# Interested? (moms of stillborn babies/babies who died during/shortly after birth)



## SweetTeach (Oct 5, 2003)

I was deciding whether or not to post this, but I'm going to.

I have found so much comfort, compassion and information on this discussion board. It has been wonderful to meet women who are at different stages of grieving their babies and who can offer such incredible support to any woman who chooses to come here.

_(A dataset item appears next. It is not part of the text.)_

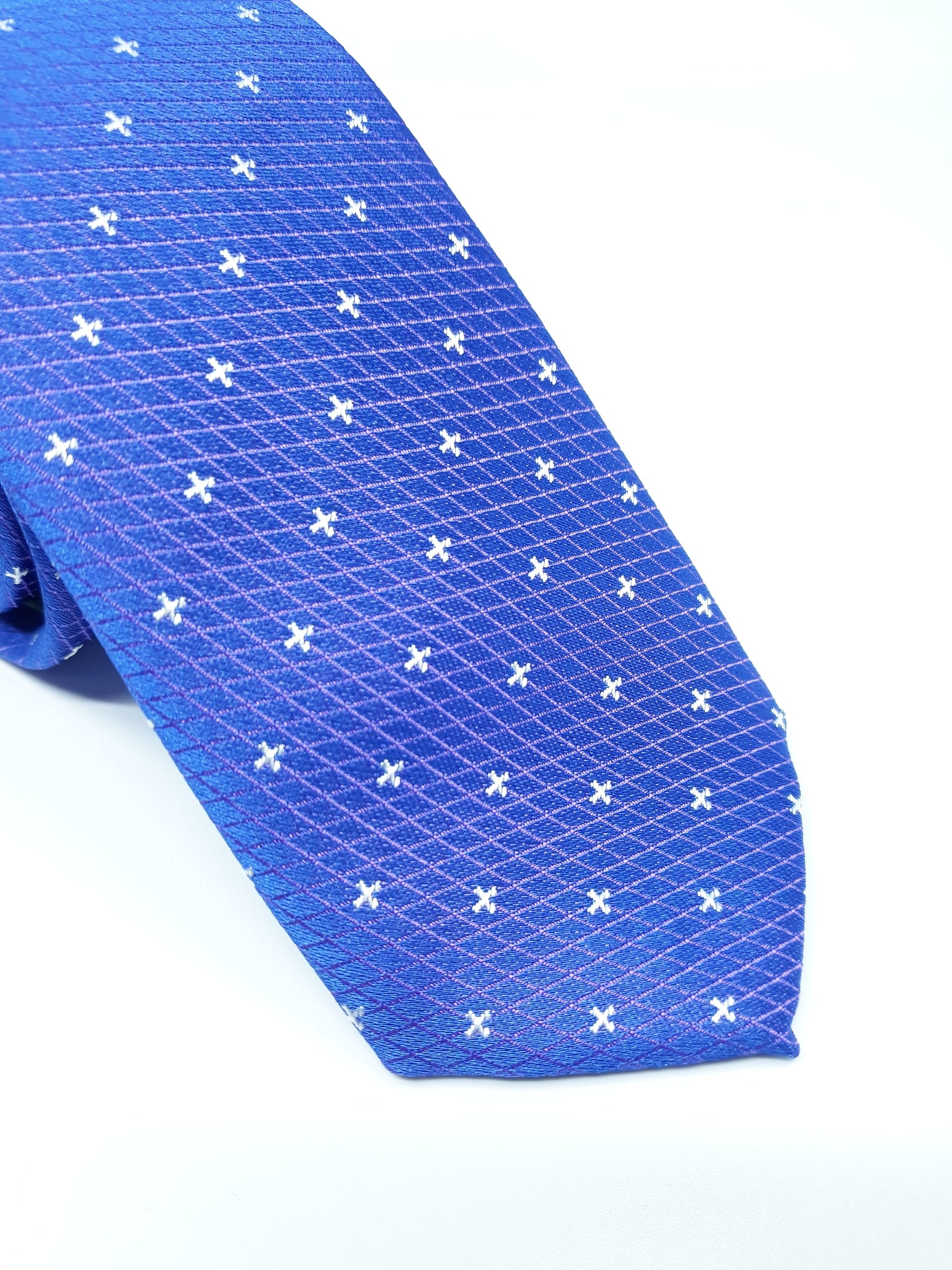 Elegancki krawat męski firmy Piotr o klasycznym i modnym kroju, szafirowy w białe krzyżyki i przeplatany różową nitką.Krawat o klasycznym i modnym kroju, wykonany ze sztucznego jedwabiu. Jest on bardzo ważnym elementem ubioru, dzięki któremu każdy mężczyzna może wnieść do swojego stroju odrobinę koloru. Kompletując garderobę należy pamiętać, aby krawat tworzył spójny zestaw z marynarką lub koszulą. Jego unikatowy wzór z pewnością spełni swoją funkcję w połączeniu z różnymi tkaninami w kilku wariantach kolorystycznych. Ponadto wyraźne i mocne akcenty zdobnicze dodadzą charakteru i pozwolą wyróżnić się stylem. Krawat można dobrać zarówno do karnacji, garnituru jak i temperamentu.

While I do feel comfortable sharing some of my personal stories and feelings here, there is a big part of me that is uncomfortable with the fact that this is a public board. I feel like there is a lot I hold back because frankly, I don't know who could be reading the board, in addition to you wonderful women. Seeing the amount of replies on a thread (generally low), vs the number of "views" (often high) highlights that sense of vulnerability I feel. Sharing too much could have implications for me on professional level as well.

For that reason, I am thinking of starting a private group on yahoo to eliminate the "who's out there" question. I am also thinking that this group might focus specfically on stillborn babies so that moms who've experienced this particular kind of loss will have a place to talk about issues specifically related to s/b.

I would continue to participate on this board because I think it's a wonderful community and an excellent resource for all women.

Please let me know what you think of this idea and if you would be interested in participating. It could very well be that this is a need that only I feel and I want to know if that's the case.
TIA.


----------



## Ms. Mom (Nov 18, 2001)

I checked with Cynthia Mosher and she said it was fine to post the group here.

I'd love to be a part of it







Let me know if you need any help setting it up.

I think it's a beautiful idea.


----------



## polka hop (Dec 23, 2003)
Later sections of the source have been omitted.